What to do: The job is to output each record exactly as it stands, pictures excluded.

* * *

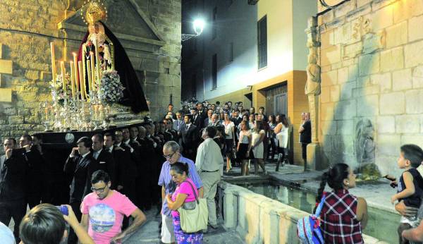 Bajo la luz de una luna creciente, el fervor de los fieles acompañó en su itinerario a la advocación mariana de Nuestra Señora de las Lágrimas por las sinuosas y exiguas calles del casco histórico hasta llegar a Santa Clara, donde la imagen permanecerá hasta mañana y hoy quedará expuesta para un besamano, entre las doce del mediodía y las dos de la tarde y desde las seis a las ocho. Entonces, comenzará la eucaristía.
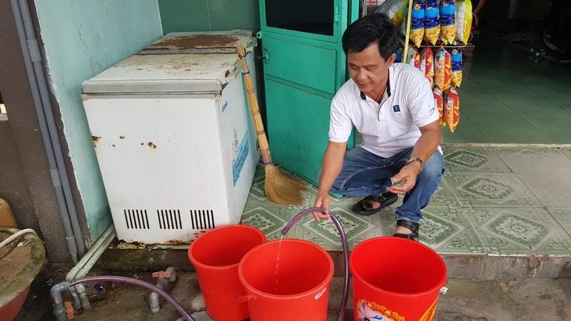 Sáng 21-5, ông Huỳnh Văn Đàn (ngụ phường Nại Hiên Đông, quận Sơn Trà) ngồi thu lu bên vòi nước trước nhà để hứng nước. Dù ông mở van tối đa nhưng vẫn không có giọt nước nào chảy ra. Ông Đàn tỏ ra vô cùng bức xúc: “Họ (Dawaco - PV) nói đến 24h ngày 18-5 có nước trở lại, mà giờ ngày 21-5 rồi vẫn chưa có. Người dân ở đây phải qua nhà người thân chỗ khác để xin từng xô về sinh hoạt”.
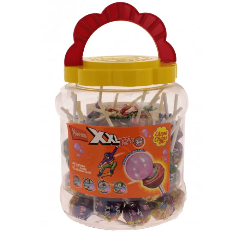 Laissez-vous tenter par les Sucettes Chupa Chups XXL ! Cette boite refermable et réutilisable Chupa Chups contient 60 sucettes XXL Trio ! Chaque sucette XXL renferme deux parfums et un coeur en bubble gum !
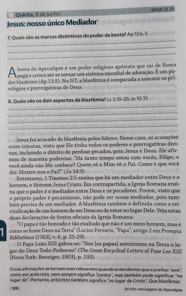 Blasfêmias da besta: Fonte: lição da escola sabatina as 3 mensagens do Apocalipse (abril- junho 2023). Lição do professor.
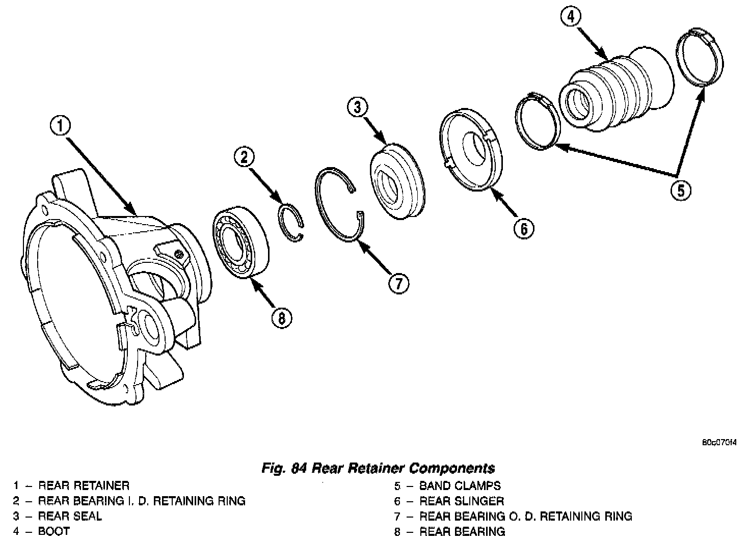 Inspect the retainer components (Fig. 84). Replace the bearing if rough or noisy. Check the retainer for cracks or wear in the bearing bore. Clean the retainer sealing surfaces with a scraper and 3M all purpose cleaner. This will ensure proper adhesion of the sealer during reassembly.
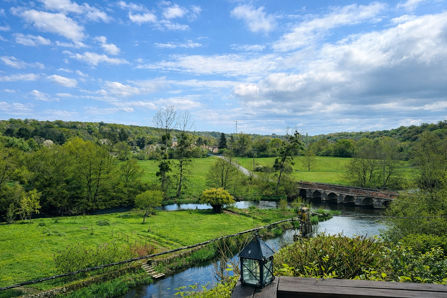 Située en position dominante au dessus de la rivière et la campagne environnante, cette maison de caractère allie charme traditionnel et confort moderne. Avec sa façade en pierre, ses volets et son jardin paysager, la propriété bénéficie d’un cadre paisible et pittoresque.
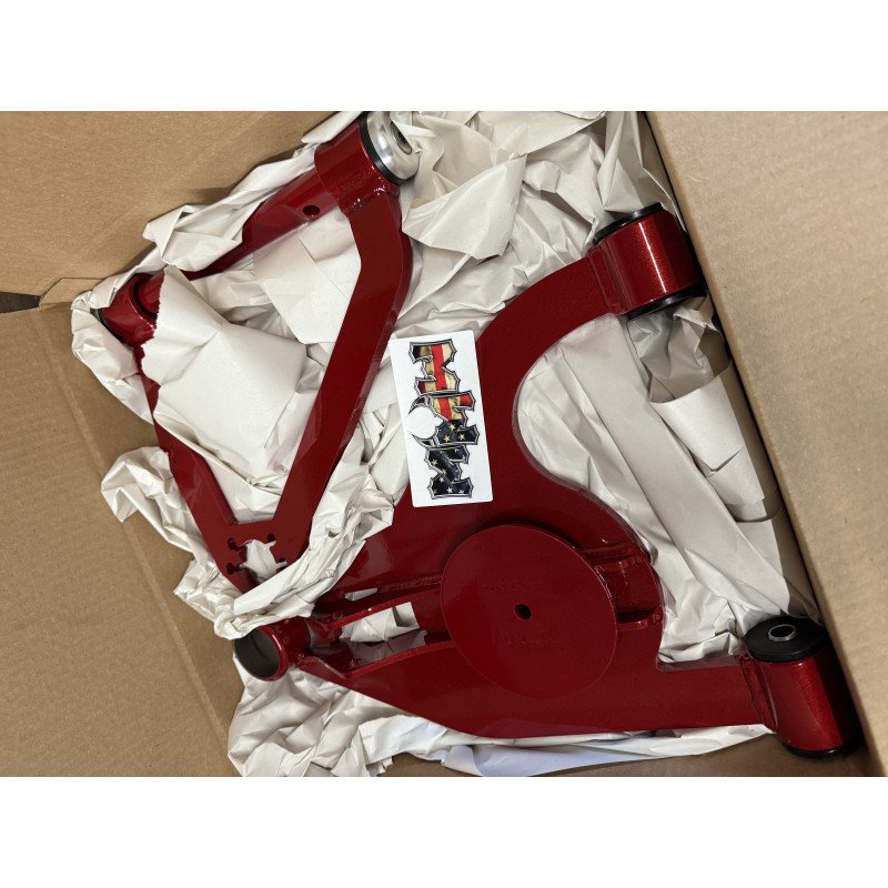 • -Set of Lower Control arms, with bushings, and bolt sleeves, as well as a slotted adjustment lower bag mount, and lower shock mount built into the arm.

* * *

Result for this exercise:
 Bajo la luz de una luna creciente, el fervor de los fieles acompañó en su itinerario a la advocación mariana de Nuestra Señora de las Lágrimas por las sinuosas y exiguas calles del casco histórico hasta llegar a Santa Clara, donde la imagen permanecerá hasta mañana y hoy quedará expuesta para un besamano, entre las doce del mediodía y las dos de la tarde y desde las seis a las ocho. Entonces, comenzará la eucaristía.
 Sáng 21-5, ông Huỳnh Văn Đàn (ngụ phường Nại Hiên Đông, quận Sơn Trà) ngồi thu lu bên vòi nước trước nhà để hứng nước. Dù ông mở van tối đa nhưng vẫn không có giọt nước nào chảy ra. Ông Đàn tỏ ra vô cùng bức xúc: “Họ (Dawaco - PV) nói đến 24h ngày 18-5 có nước trở lại, mà giờ ngày 21-5 rồi vẫn chưa có. Người dân ở đây phải qua nhà người thân chỗ khác để xin từng xô về sinh hoạt”.
 Laissez-vous tenter par les Sucettes Chupa Chups XXL ! Cette boite refermable et réutilisable Chupa Chups contient 60 sucettes XXL Trio ! Chaque sucette XXL renferme deux parfums et un coeur en bubble gum !
 Blasfêmias da besta: Fonte: lição da escola sabatina as 3 mensagens do Apocalipse (abril- junho 2023). Lição do professor.
 Inspect the retainer components (Fig. 84). Replace the bearing if rough or noisy. Check the retainer for cracks or wear in the bearing bore. Clean the retainer sealing surfaces with a scraper and 3M all purpose cleaner. This will ensure proper adhesion of the sealer during reassembly.
 Située en position dominante au dessus de la rivière et la campagne environnante, cette maison de caractère allie charme traditionnel et confort moderne. Avec sa façade en pierre, ses volets et son jardin paysager, la propriété bénéficie d’un cadre paisible et pittoresque.
 • -Set of Lower Control arms, with bushings, and bolt sleeves, as well as a slotted adjustment lower bag mount, and lower shock mount built into the arm.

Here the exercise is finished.